Laut der E-Mail, die ich auf meine Anfrage erhalten hatte, sollte ich einfach klingeln und jemand vom Personal würde mir öffnen. Gesagt getan. Ich klingelte einmal, zweimal, dreimal... und so weiter, aber geschlagene 45 Minuten öffnete niemand. So sah ich mir den Sonnenaufgang an, bemerkte, dass neben dem Tor innen ein Hund schlief und setzte mich mit meinen Sachen dazu.



Innen hopste eine Kröte vor den erleuchteten Kühlschrank und bestaunte den Inhalt. Draußen sah ich wie mir eine Ratte aus dem Busch vor dem Reisfeld zuwinkte und ich klingelte nochmal, der Hund schlief. Die Kröte saß inzwischen vor dem Chipsregal und schien sich zwischen den Sorten nicht entscheiden zu können, der Hund schlief. Beim nächsten Klingeln hörte ich zum ersten Mal die Klingel, auch wenn ich vorher bereits fester und länger drauf gedrückt hatte.Vielleicht hatte sie einen Wackelkontakt. Zwei verschlafen junge Herren begannen sich zu regen, öffneten die Tür und wiesen mir den Weg zu meinem Bungalow mit großem Bett für mich allein.



Erstmal duschen und dann noch kurz schlafen bis zum Frühstück, das sah gar nicht schlecht aus (Obst, Brot, Saft, vietnamesische Gerichte), war aber für Langschläfer nicht geeignet, da um 09.30 vorbei. Egal, kann mich ja nochmal hinlegen.
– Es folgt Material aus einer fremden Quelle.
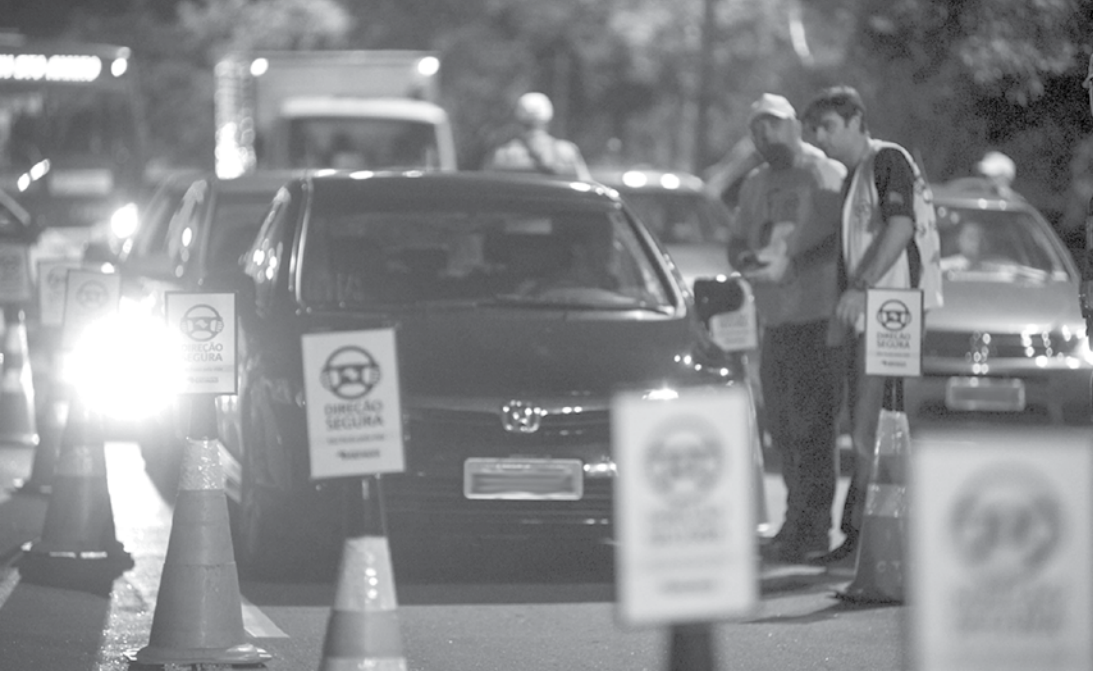
Blitz de fiscalização da Lei Seca foi realizada entre a noite de sábado (18) e a madrugada de domingo (19): ao todo, 129 condutores foram submetidos ao teste do etilômetro

também foi apreendido com o grupo. O trio foi ouvido e conduzido a cadeias públicas da região, onde permaneceu à disposição da Justiça.

Überhaupt hatte ich an dem Tag nicht wirklich was vor. Die nette Frau an der Rezeption zeigte mir auf einem Plan, was man alles machen kann und ich fragte nach einer Tour in den Nationalpark. Da gab es einen Bus, den sie mir auch buchen wollte. Ich wanderte in die „Stadt“, um mir das Hotel anzusehen, an dem der Bus starten sollte. Auf der Rücktour deckte ich mich wieder mit Wasser ein, wobei die Frau von 15.000 auf 10.000 Dong herunterging als ich mich anschickte den Laden wieder zu verlassen, na bei der komm ich nochmal vorbei. Den restlichen Tag saß ich vor meinem Bungalow und machte wirklich nichts.
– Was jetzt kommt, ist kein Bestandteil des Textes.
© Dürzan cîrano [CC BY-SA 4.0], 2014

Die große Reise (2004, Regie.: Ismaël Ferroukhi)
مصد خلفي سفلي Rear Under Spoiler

Wenn die Langeweile sehr groß wurde, dann schrieb ich am Blog oder sortierte Fotos. Abends wagte ich einen Versuch mit dem Restaurantessen. Ich bestellte Frühlingsrollen und Gemüse sowie einen Limettensaft. Die Portionen waren ziemlich groß, wobei das Gemüse leider überwiegend aus Kohl bestand und sonst keinen Geschmack hatte. Egal, wozu gibt es denn Sojasauce? Also ordentlich rauf da. Einige der Frühlingsrollen parkte ich in meinem Kühlschrank für später. Nachdem ich der Ratte noch gewunken hatte, die hinter dem Blumentopf gierig auf meine Frühlingsrollen gestarrt hatte, gings zurück in meinen schönen Bungalow!